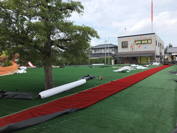 着々と芝が貼られています。パピーハウスまでの屋根もかかりました
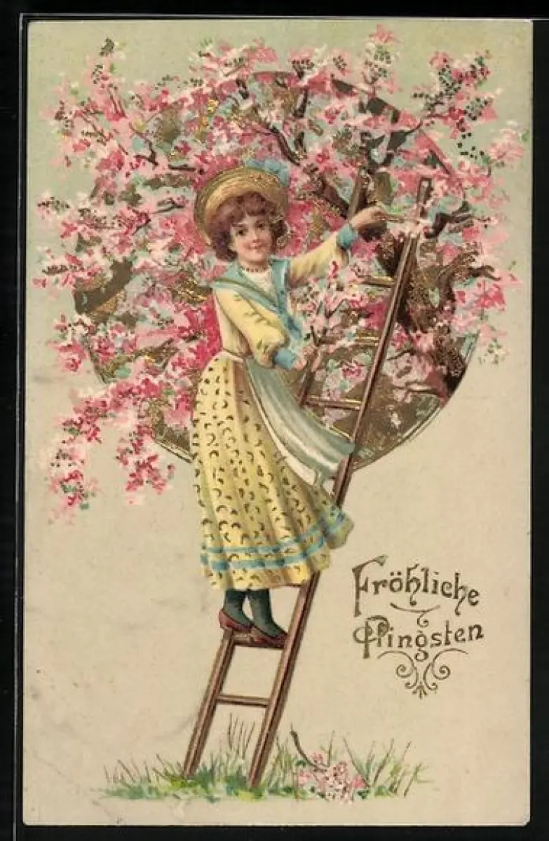 Künstler-AK Frau auf einer Leiter pflückt Blüten, Fröhliche Pfingsten
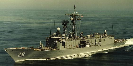 Tàu hộ vệ tên lửa “Coates” chính thức phục vụ trong lực lượng hải quân Mỹ từ năm 1983. Nó có chiều dài 135,9m, rộng 13,5m, lượng giãn nước thông thường 4100 tấn, tốc độ 20 hải lý/h. sau khi chính thức nghỉ hưu nó sẽ được bàn giao cho lực lượng quân dự bị của Mỹ.
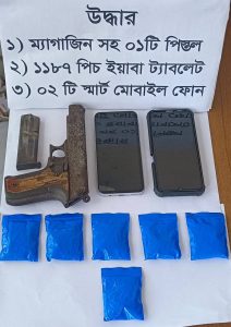 অভিযানে কুখ্যাত সন্ত্রাসী হীরা (৩৫), পিত আবু শেখ, সাং-তেলিগাতি, থানা-মোড়েলগঞ্জ, জেলা-বাগেরহাট, এ/পি সাং-মাথাভাঙ্গা, থানা-লবণচরা, খুলনাকে গ্রেফতার করা হ গ্রেফতারকৃত আসামীর হেফাজত হতে ১টি বিদেশী পিস্তল, ১টি ম্যাগাজিন, ১১৮৭ পিস ইয়াবা এবং ২টি মোবাইল ফোন উদ্ধার ক হয়েছে।
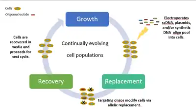 Chemically combined, synthetic single-stranded DNA (ssDNA) and a pool of oligionucleotides are introduced at targeted areas of the cell thereby creating genetic modifications. The cyclical process involves transformation of ssDNA (by electroporation) followed by outgrowth, during which bacteriophage homologous recombination proteins mediate annealing of ssDNAs to their genomic targets. Experiments targeting selective phenotypic markers are screened and identified by plating the cells on differential medias. Each cycle ultimately takes 2.5 hours to process, with additional time required to grow isogenic cultures and characterize mutations. By iteratively introducing libraries of mutagenic ssDNAs targeting multiple sites, MAGE can generate combinatorial genetic diversity in a cell population. There can be up to 50 genome edits, from single nucleotide base pairs to whole genome or gene networks simultaneously with results in a matter of days.[46]
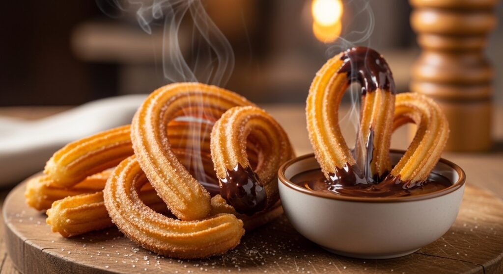 The dough is piped into a hot oil and fried until golden and crisp. Once cooked, the churros are carpeted in sugar and occasionally cinnamon. They are frequently served with thick hot chocolate for dipping. The combination of brickle surface and soft innards makes them infectious.
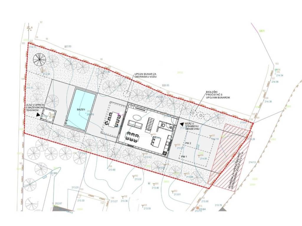 Na vanjskom dijelu okućnice uz bazen tu je predviđeno spremište sa bazenskom tehnikom, biološki pročistač, te 2 parkirna mjesta.
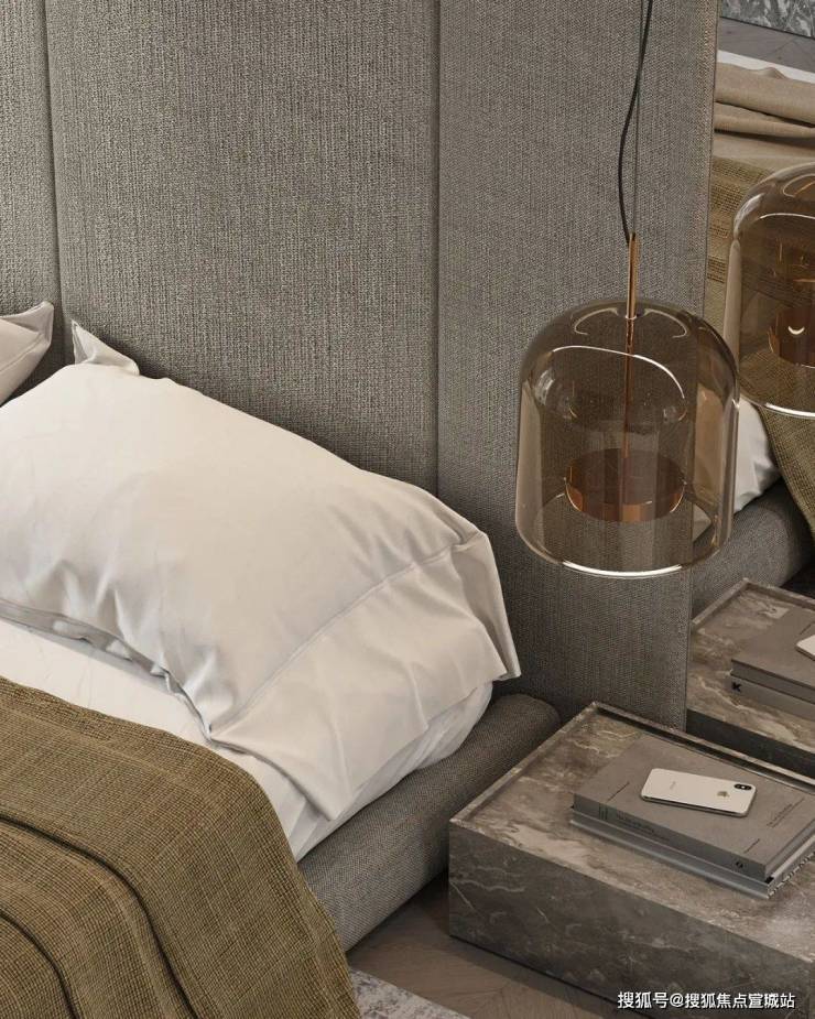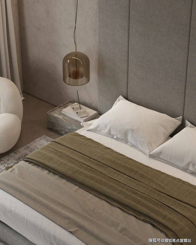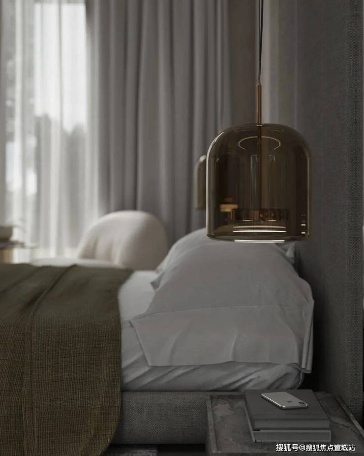 卧室中灰色的主色调与客厅相呼应,柔软蓬松的白色床品为屋主打造出了一个温馨舒适的休憩空间,床头柜选用灰色大理石,上方的床头灯则是金属与玻璃,不同材质的搭配让空间显得更加精致,富有美感。落地窗前的小沙发与茶几,能够让屋主在这度过舒适的下午茶时光。
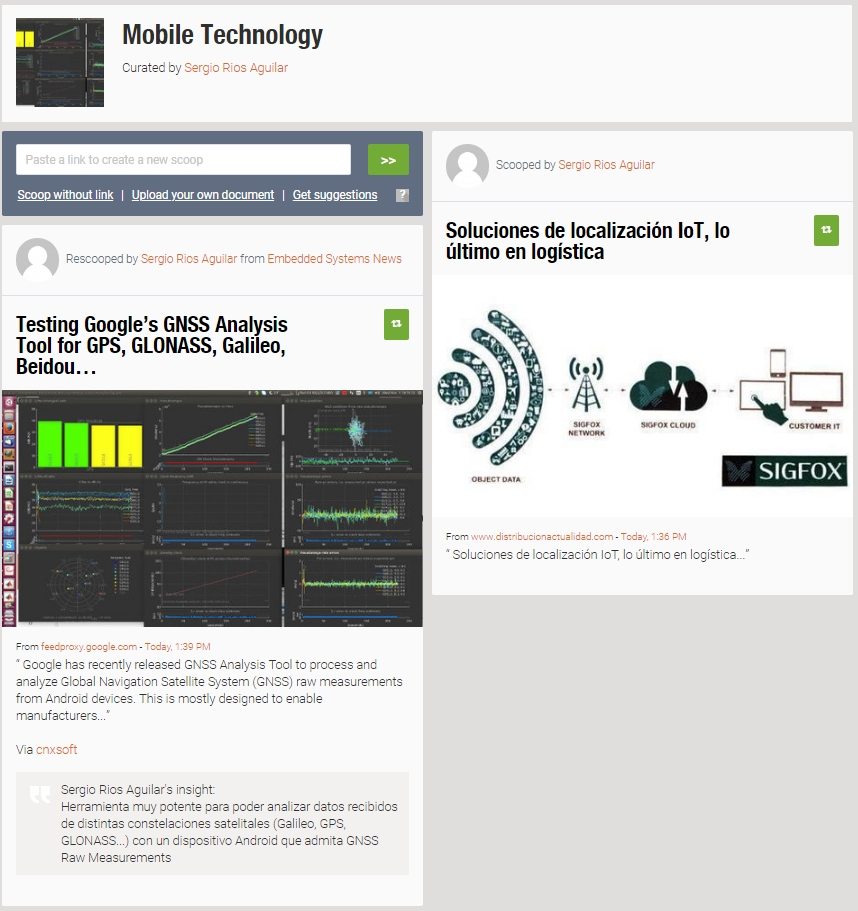 He podido hacerlo con Scoop.It!, de forma realmente cómoda, creando mi canal, públicamente accesible en https://www.scoop.it/topic/mobile-technology-by-sergio-rios-aguilar
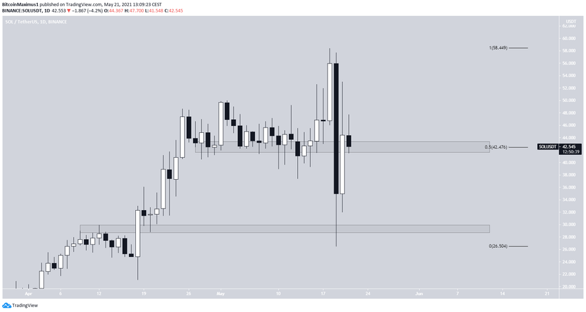 SOL снижается с 18 мая, после достижения максимума на уровне $58,38. Как и MATIC, на следующий день на графиках сформировалась свечная модель «медвежье поглощение».

Work order – Lines before the one containing "Na vanjskom dijelu" are not wanted; write out that line and every later line through the end of the data above, exactly, without pictures.

Reply –
 Na vanjskom dijelu okućnice uz bazen tu je predviđeno spremište sa bazenskom tehnikom, biološki pročistač, te 2 parkirna mjesta.
 卧室中灰色的主色调与客厅相呼应,柔软蓬松的白色床品为屋主打造出了一个温馨舒适的休憩空间,床头柜选用灰色大理石,上方的床头灯则是金属与玻璃,不同材质的搭配让空间显得更加精致,富有美感。落地窗前的小沙发与茶几,能够让屋主在这度过舒适的下午茶时光。
 He podido hacerlo con Scoop.It!, de forma realmente cómoda, creando mi canal, públicamente accesible en https://www.scoop.it/topic/mobile-technology-by-sergio-rios-aguilar
 SOL снижается с 18 мая, после достижения максимума на уровне $58,38. Как и MATIC, на следующий день на графиках сформировалась свечная модель «медвежье поглощение».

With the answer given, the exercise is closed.